My very own victory.
I emerged in a grand fashion like an Emperor, uprising and usurping my enemies’ territory and looking down the rest.
Perhaps I was enjoying it in a ballistic way. Maybe I liked being a savage beast, ready to shreds other’s self-esteem. This glorious victory, beaded sweat coated my hairline and descended to my fair complexion.
A landmark of a remarkable moment has my body sent to a great shock and disbelief, mentally pinching myself if I was dreaming or not.
I scored more points than my opponent.
And the crowd cheered. Even the girls, having their own pom-poms in their possession to add an elaborate cheer, grand yet simplified.
Another opponent, his name was Leonardo Dakota, was younger than me, bright-eyed with ginger-colored hair and freckled skin and stoic, but he’s taller and strong built, appearing much older than me, but his agility and perseverance was undeniably amazing to witness, he could’ve been a potential and an idol into the sports world, like Roger Federer or Andy Murray, but I outdone him in the best way I could, a starting position for me rise to the top.

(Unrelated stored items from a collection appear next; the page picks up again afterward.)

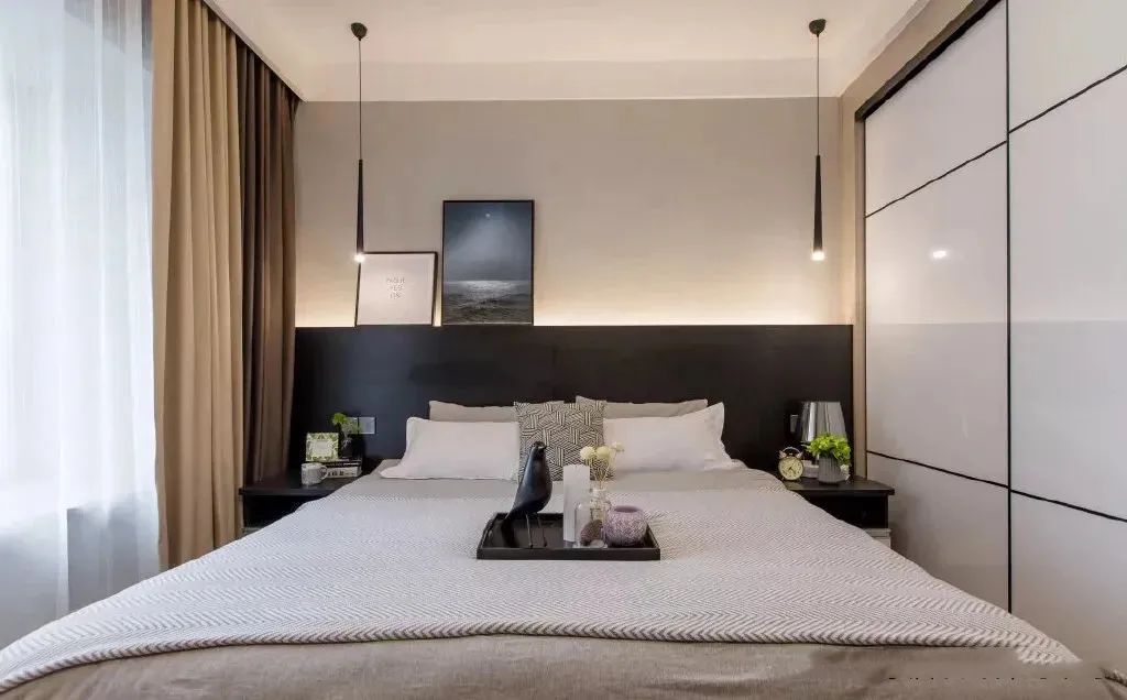 床头的背景墙做了分层的设计,床头的背景板后方隐藏灯带,再放上装饰画作为背景装饰,整体更加的好看和大气。室内的采光非常好,而且装饰上倾向现代风,让人感觉时尚又温馨。
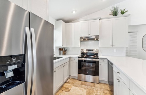- The kitchen is fully stocked with modern stainless steel appliances, ample dishes, pots, pans, and essential appliances such as a coffee maker (filters required), toaster, microwave, stove, refrigerator, dishwasher, and blender.
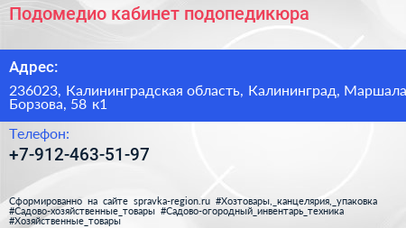 Подомедио, кабинет подопедикюра по адресу 236023, Калининградская область, Калининград, Маршала Борзова, 58 к1 в дальнейшем Организация, размещена в следующих категориях:
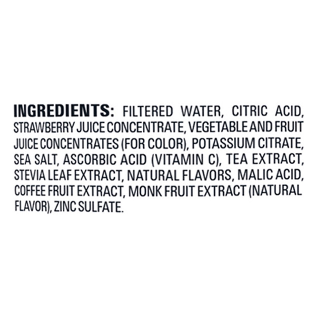 Filtered Water, Citric Acid, Strawberry Juice Concentrate, Vegetable and Fruit Juice Concentrates (for Color), Potassium Citrate, Sea Salt, Ascorbic Acid (Vitamin C), Tea Extract, Stevia Leaf Extract,…
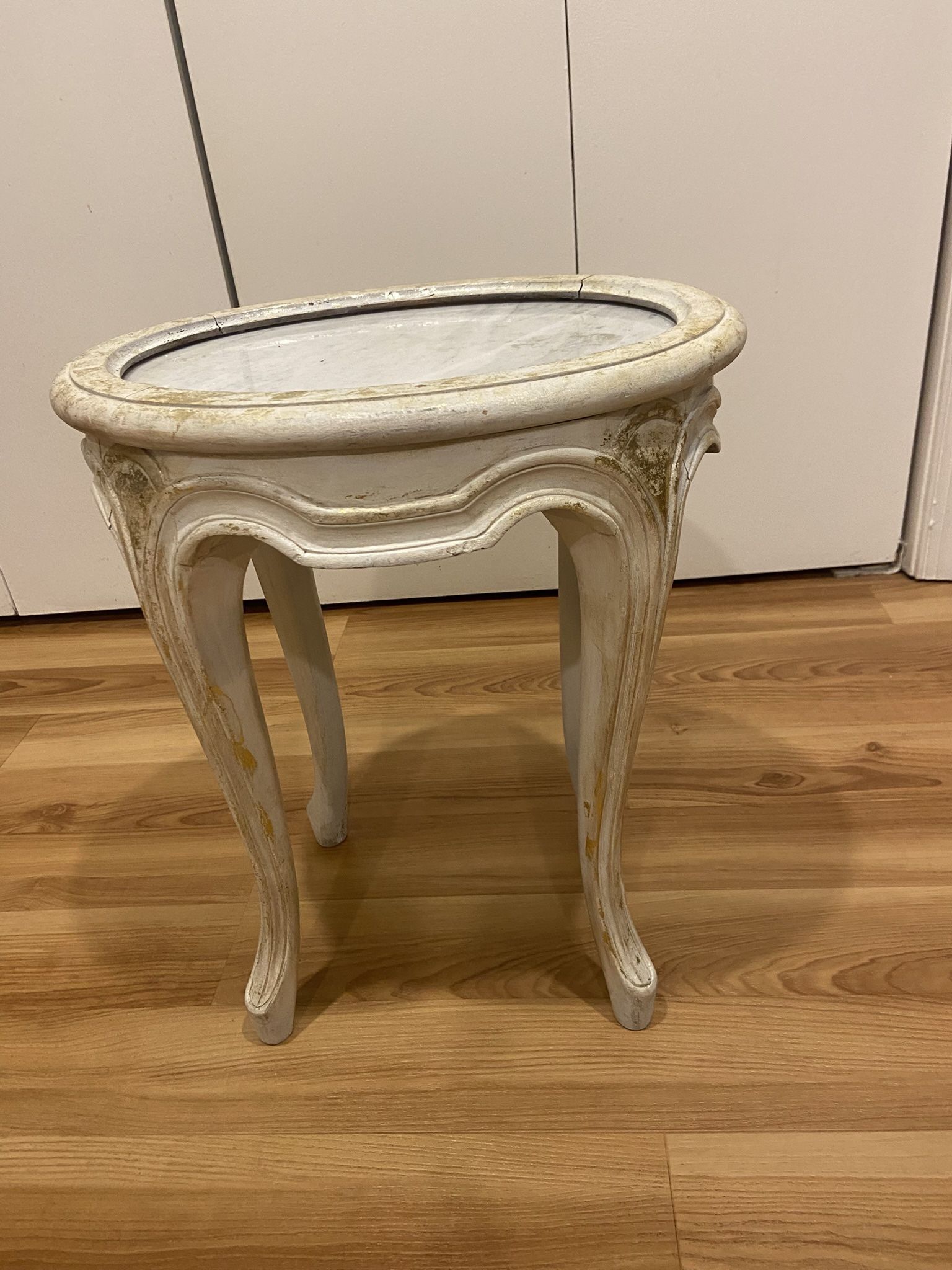 Antique Little Table: Wood And Marble
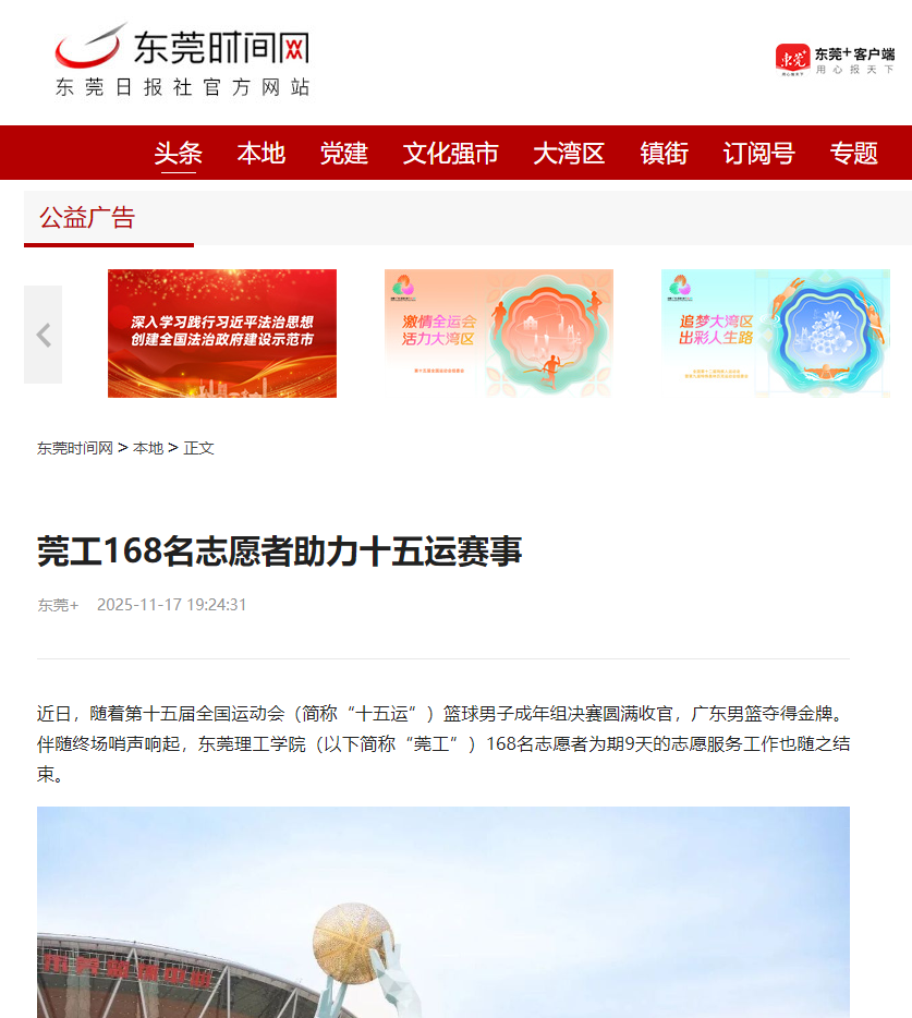 近日,随着第十五届全国运动会(简称“十五运”)篮球男子成年组决赛圆满收官,广东男篮夺得金牌。伴随终场哨声响起,45612藏宝阁资料(以下简称“莞工”)168名志愿者为期9天的志愿服务工作也随之结束。
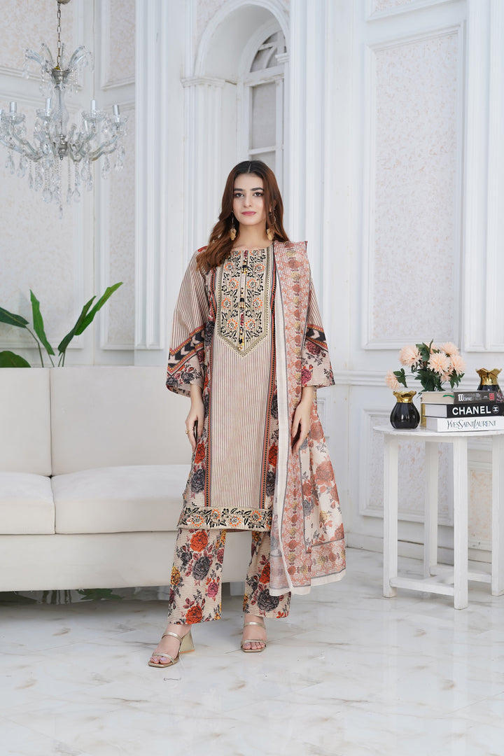 Refresh your summer wardrobe with our Serenity 3-Piece Suit, a beautifully designed ensemble crafted from premium cotton lawn. Rooted in traditional Pakistani elegance, this occasion-ready outfit blends timeless charm with modern sophistication. The soft pastel peach hue brings a breezy vibrance, while the lightweight, breathable fabric ensures all-day comfort.
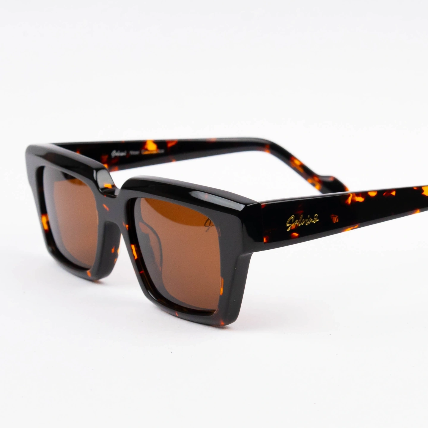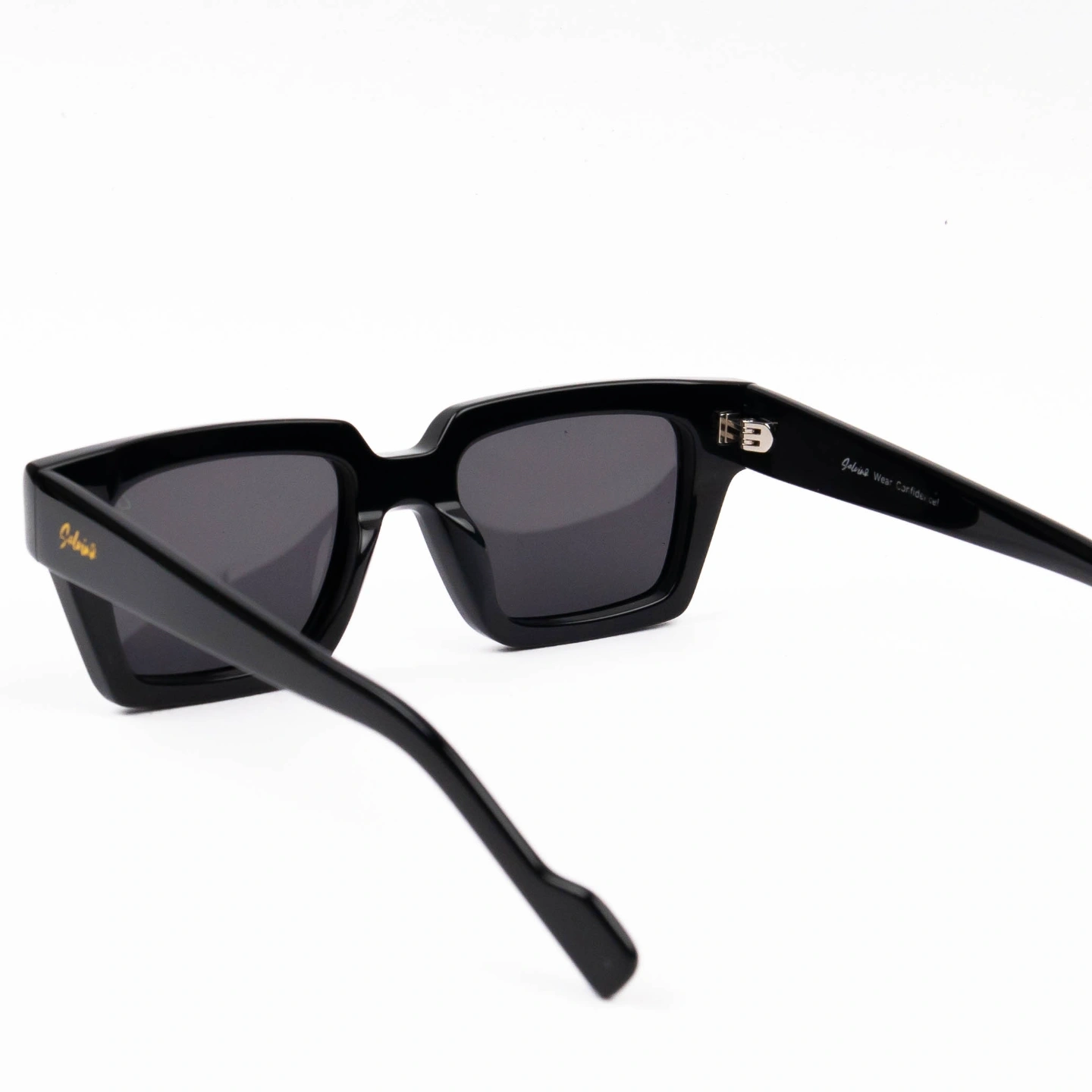 Frame Style: Bold geometric square silhouette with a distinct angular dropped bridge.
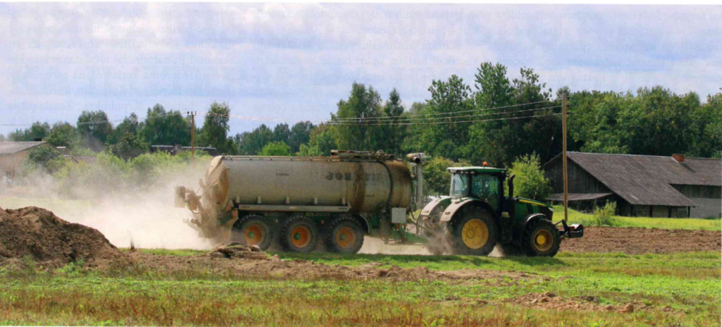 Attēlā – mēslu izkliedēšana. Foto avots: zemniekusaeima.lv
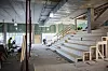 Den goda akustiken är säkrad bland annat tack vare de rektangulära plattor, i varierande storlek och djup, som placerats högst uppe i taket.
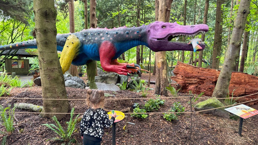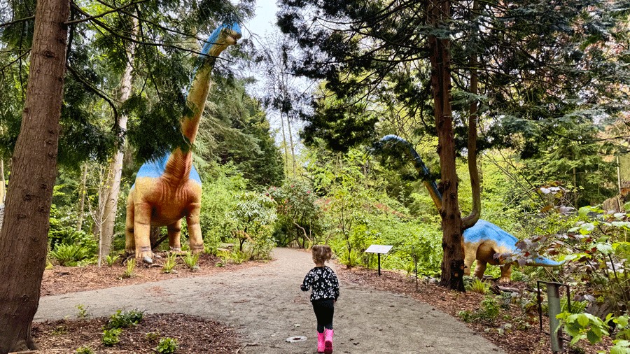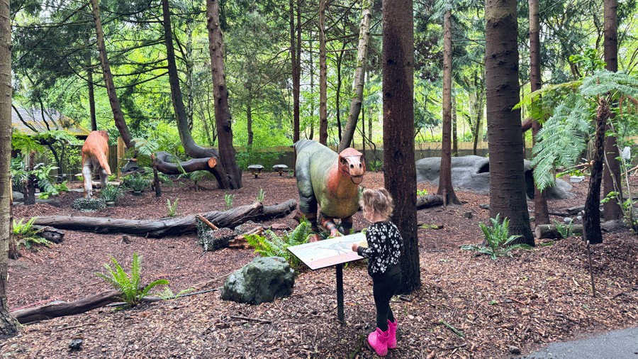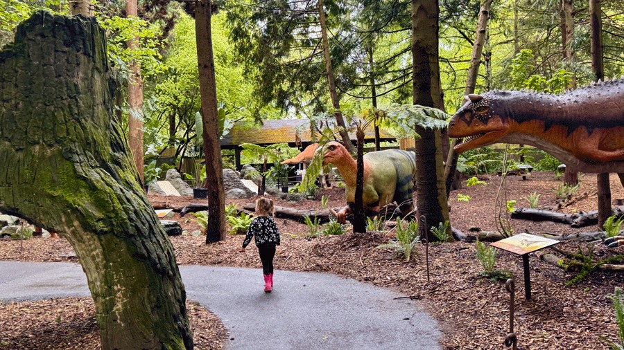 “I hear them, Mom! I hear the dinosaurs!” my daughter exclaimed as we walked down the path toward Woodland Park Zoo’s Habitat Discovery Loop. We expected to see the dinosaurs as we approached the exhibit, but no one had warned us we would hear their roars first.
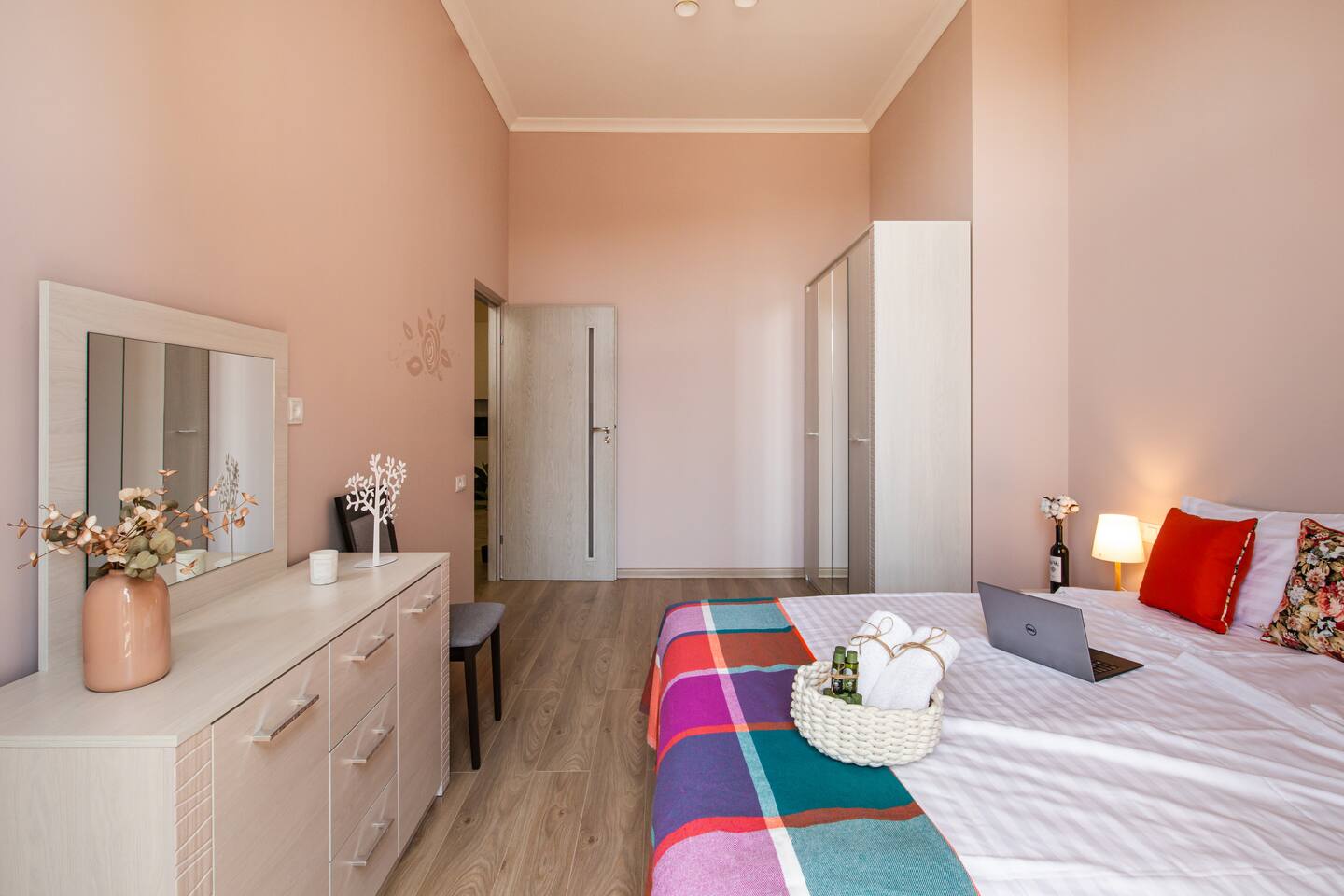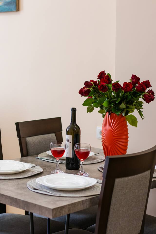 Welcome to Dvin by Hotelise, an elegant and modern retreat named after the iconic Dvin Music Hall located just next door. This property offers the perfect blend of convenience and luxury, situated in a brand new building with all new infrastructure. Location: Nestled next to the renowned Dvin Music Hall, famous for its spectacular show programs and top-floor pool venue with a bar and lounge, our property boasts a prime central location. You’ll be within walking distance to the vibrant Saryan Street, known for its lively atmosphere and cultural offerings, while also having easy access to the serene Hrazdan River. Living Room: The spacious living room is designed for relaxation and entertainment, featuring a large L-shaped sofa and a coffee table. A large Smart TV is perfect for enjoying your favorite shows, and the powerful AC ensures the entire apartment stays cool and comfortable. The dining area includes a table with four chairs, providing a cozy spot for meals. Kitchen: The open-plan kitchen seamlessly integrates with the living room, offering ample storage and all the cooking basics you might need. It includes a microwave, coffee machine, toaster, dishwasher, and stove. The large worktops provide plenty of space for meal preparation, and the spacious fridge ensures you have enough room for all your groceries. Bedroom 1: The first bedroom features a king-size bed with bedside tables and lights, a chest of drawers for storage with a mirror on top, and top-to-bottom windows that flood the room with natural light. Blackout curtains ensure a restful night’s sleep, and the wardrobe offers ample storage space. Bedroom 2: The second bedroom is equipped with two single beds, perfect for guests or children. It also includes storage for clothes and a wardrobe with a full-size mirror, providing both functionality and comfort. Bathroom 1: The modern bathroom features a large shower cabin with excellent water pressure. It also includes a washer and dryer stacked on top of each other, adding convenience to your stay. At Hotelise, we are dedicated to creating spaces that combine luxury and comfort, ensuring your stay is memorable. Book your stay at Dvin by Hotelise and experience the perfect blend of modern amenities and central location, making your time in Yerevan truly exceptional.

Girls ran after me, and hopped, congratulating me, even the coach, who had given a proud ruffle on my sweating head, his arms swung over my shoulder, yanked me for a head lock, ruffling my hair.
“I’m proud of you, son,” the coach said joyously, wearing a Dad smile shined on me.
My eyes cued at the smiling crowd, only to find my family was absent, due to their unspoken rule of predetermined disinterest at a breakfast table.